Allergic asthma is a complex inflammatory disorder characterized by airway hyperresponsiveness, eosinophilic inflammation and hypersecretion of mucus. Current therapies include β2-agonists, cysteinyl leukotriene receptor 1 antagonists and corticosteroids. Although these drugs demonstrate beneficial effects, their adverse side effects limit their long-term use. Thus, the development of new compounds with similar therapeutic activities and reduced side effects is both desirable and necessary. Natural compounds are used in some current therapies, as plant-derived metabolites can relieve disease symptoms in the same manner as allopathic medicines. Quercetin is a flavonoid that is naturally found in many fruits and vegetables and has been shown to exert multiple biological effects in experimental models, including the reduction of major symptoms of asthma: bronchial hyperactivity, mucus production and airway inflammation.
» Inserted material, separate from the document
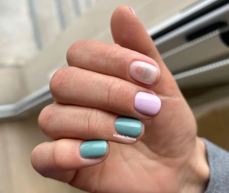 Полосы, треугольники, асимметричные блоки цвета или аккуратные точки — на коротких ногтях они смотрятся свежо и современно.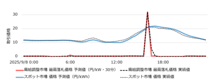 「需給調整市場価格予測」と「スポット市場価格予測」の予測結果の例

In this review, we discuss results from the literature that illustrate the potential of quercetin to treat asthma and its exacerbations.

Highlights

  • Asthma is a chronic inflammatory disease common worldwide (Mukherjee, Zhang, 2011)

  • According to the guidelines issued by the U.S National Heart, Lung and Blood Institute and the Global Initiative for Asthma (GINA), asthma severity can be classified based on clinical features into intermittent, mild persistent, moderate persistent, and severe persistent asthma (Wenzel, 2006)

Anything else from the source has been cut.